* **Activity**
Transcribe the entries below exactly, starting with the line that has "Привабливі аромати - завдяки" and stopping after the line that has "Строительный гвоздь диаметром"; no pictures belong in the copy.
[[ Entries provided open ]]
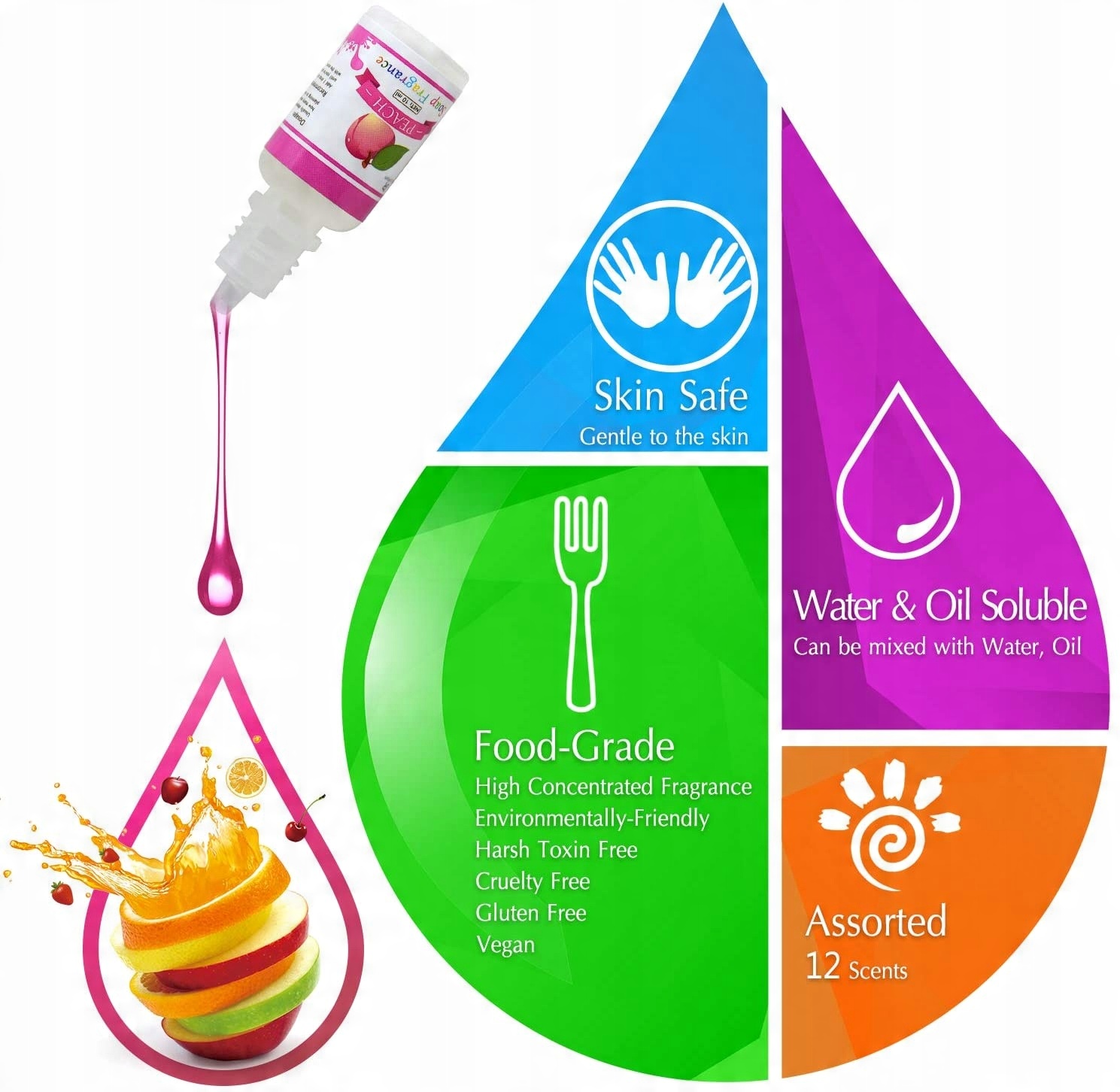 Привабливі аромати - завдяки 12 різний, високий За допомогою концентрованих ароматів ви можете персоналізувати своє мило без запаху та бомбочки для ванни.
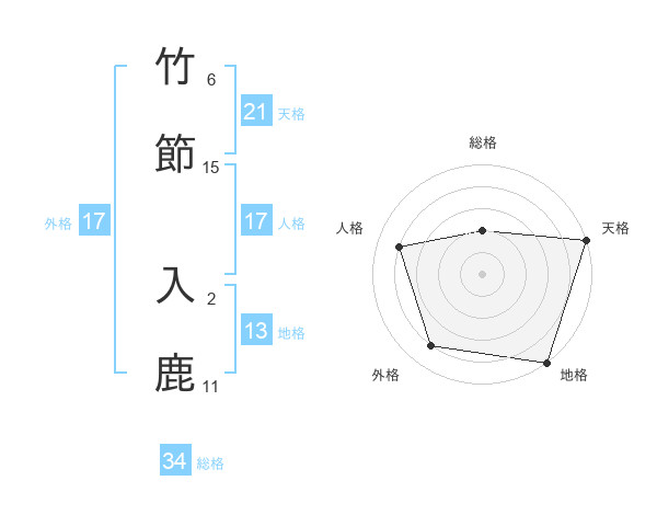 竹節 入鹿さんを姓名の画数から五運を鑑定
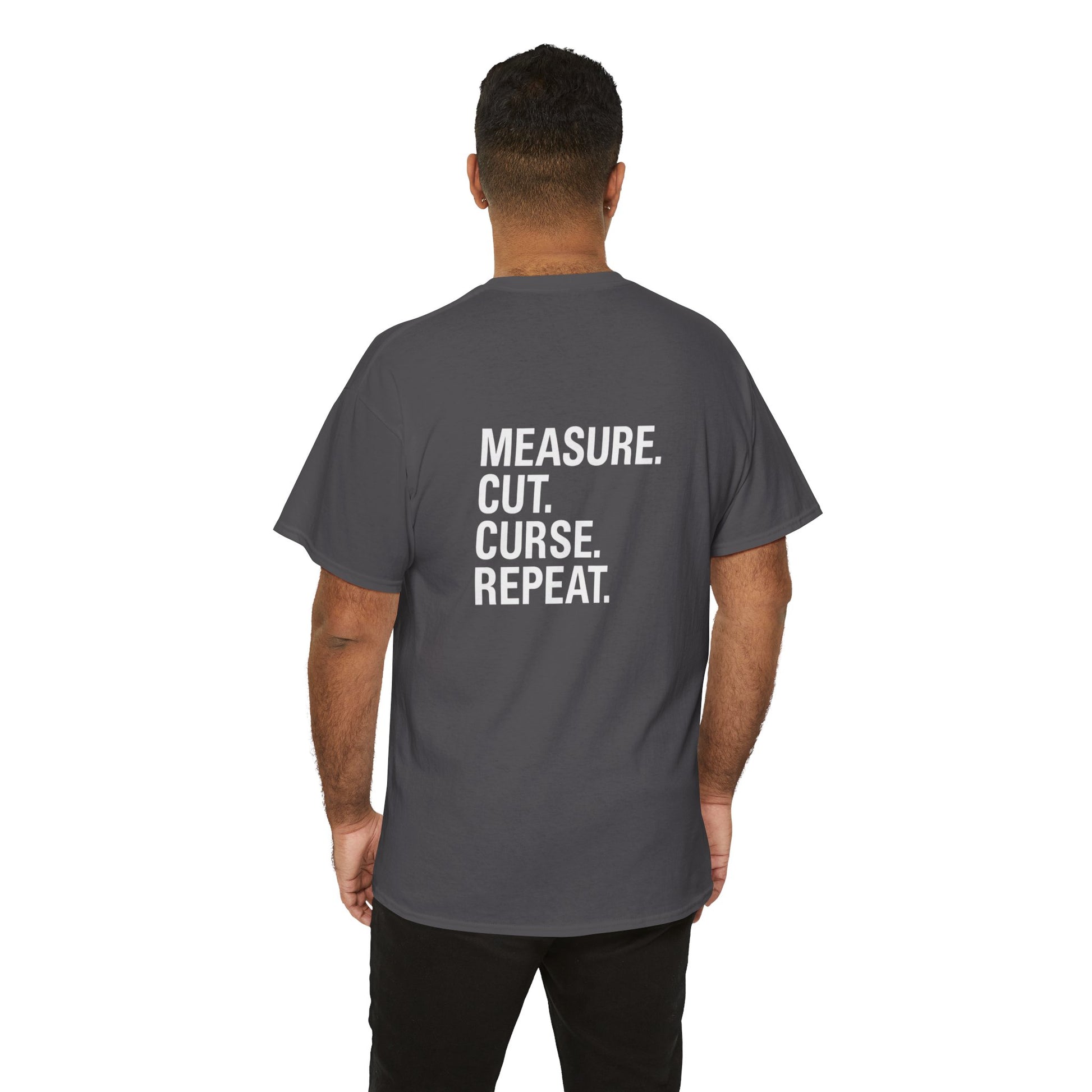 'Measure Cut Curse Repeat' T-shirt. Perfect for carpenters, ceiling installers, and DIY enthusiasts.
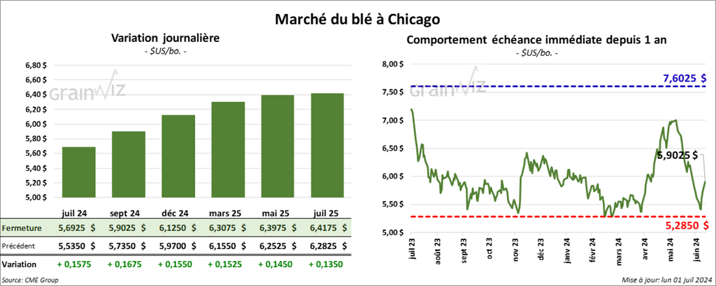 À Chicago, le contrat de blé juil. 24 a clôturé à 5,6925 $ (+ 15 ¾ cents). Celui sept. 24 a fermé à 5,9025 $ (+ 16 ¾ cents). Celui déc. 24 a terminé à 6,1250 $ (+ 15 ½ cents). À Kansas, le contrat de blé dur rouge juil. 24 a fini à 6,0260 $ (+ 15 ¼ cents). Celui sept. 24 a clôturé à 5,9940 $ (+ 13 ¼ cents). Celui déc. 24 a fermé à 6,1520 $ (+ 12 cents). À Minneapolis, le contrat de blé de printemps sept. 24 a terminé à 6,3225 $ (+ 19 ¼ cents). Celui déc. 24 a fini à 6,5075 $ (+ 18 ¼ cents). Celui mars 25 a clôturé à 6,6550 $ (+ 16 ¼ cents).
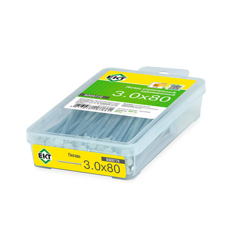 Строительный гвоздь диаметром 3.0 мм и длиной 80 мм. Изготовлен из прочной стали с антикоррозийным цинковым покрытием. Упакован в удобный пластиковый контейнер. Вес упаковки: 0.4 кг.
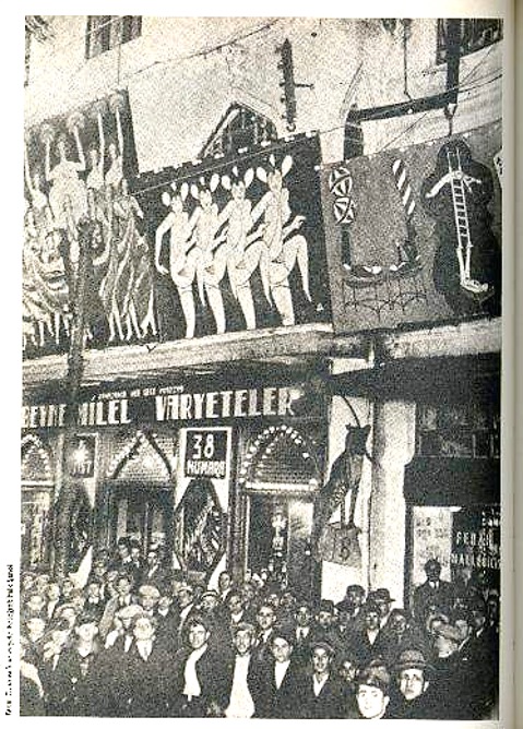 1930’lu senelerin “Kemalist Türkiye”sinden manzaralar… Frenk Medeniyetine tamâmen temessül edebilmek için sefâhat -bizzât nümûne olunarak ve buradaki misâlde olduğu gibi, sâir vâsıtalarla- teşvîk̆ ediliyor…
[[ Entries provided closed ]]
[[ Entries provided open ]]
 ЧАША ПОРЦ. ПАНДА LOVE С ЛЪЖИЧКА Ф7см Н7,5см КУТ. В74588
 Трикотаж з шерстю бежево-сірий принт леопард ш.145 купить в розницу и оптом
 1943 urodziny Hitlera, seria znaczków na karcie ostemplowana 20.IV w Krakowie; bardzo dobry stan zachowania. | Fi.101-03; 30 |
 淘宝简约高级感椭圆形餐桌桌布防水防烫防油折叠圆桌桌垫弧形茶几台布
[[ Entries provided closed ]]
[[ Entries provided open ]]
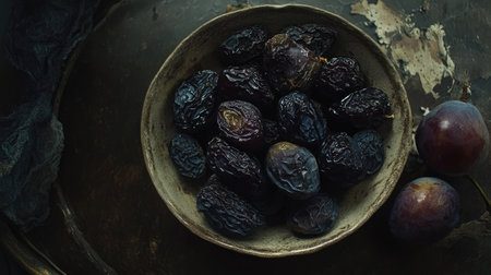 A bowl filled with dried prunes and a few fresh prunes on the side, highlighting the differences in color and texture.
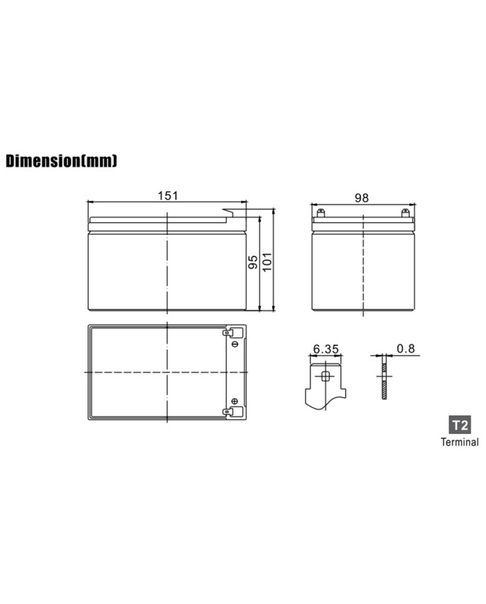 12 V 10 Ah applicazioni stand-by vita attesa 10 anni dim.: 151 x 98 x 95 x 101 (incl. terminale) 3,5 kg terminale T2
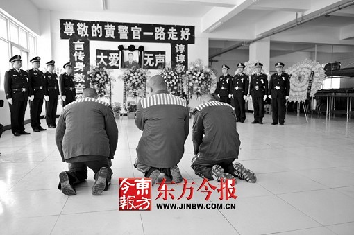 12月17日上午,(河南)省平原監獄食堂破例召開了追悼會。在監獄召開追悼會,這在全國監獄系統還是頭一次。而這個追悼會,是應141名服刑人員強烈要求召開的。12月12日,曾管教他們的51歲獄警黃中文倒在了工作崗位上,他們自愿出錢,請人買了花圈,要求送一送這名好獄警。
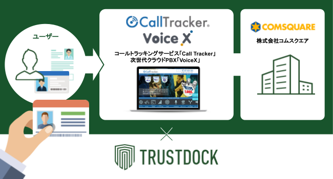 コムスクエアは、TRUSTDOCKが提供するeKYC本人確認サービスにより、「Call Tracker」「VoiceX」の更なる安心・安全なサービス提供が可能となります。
[[ Entries provided closed ]]
* **Exercise solution**
 Привабливі аромати - завдяки 12 різний, високий За допомогою концентрованих ароматів ви можете персоналізувати своє мило без запаху та бомбочки для ванни.
 竹節 入鹿さんを姓名の画数から五運を鑑定
 'Measure Cut Curse Repeat' T-shirt. Perfect for carpenters, ceiling installers, and DIY enthusiasts.
 À Chicago, le contrat de blé juil. 24 a clôturé à 5,6925 $ (+ 15 ¾ cents). Celui sept. 24 a fermé à 5,9025 $ (+ 16 ¾ cents). Celui déc. 24 a terminé à 6,1250 $ (+ 15 ½ cents). À Kansas, le contrat de blé dur rouge juil. 24 a fini à 6,0260 $ (+ 15 ¼ cents). Celui sept. 24 a clôturé à 5,9940 $ (+ 13 ¼ cents). Celui déc. 24 a fermé à 6,1520 $ (+ 12 cents). À Minneapolis, le contrat de blé de printemps sept. 24 a terminé à 6,3225 $ (+ 19 ¼ cents). Celui déc. 24 a fini à 6,5075 $ (+ 18 ¼ cents). Celui mars 25 a clôturé à 6,6550 $ (+ 16 ¼ cents).
 Строительный гвоздь диаметром 3.0 мм и длиной 80 мм. Изготовлен из прочной стали с антикоррозийным цинковым покрытием. Упакован в удобный пластиковый контейнер. Вес упаковки: 0.4 кг.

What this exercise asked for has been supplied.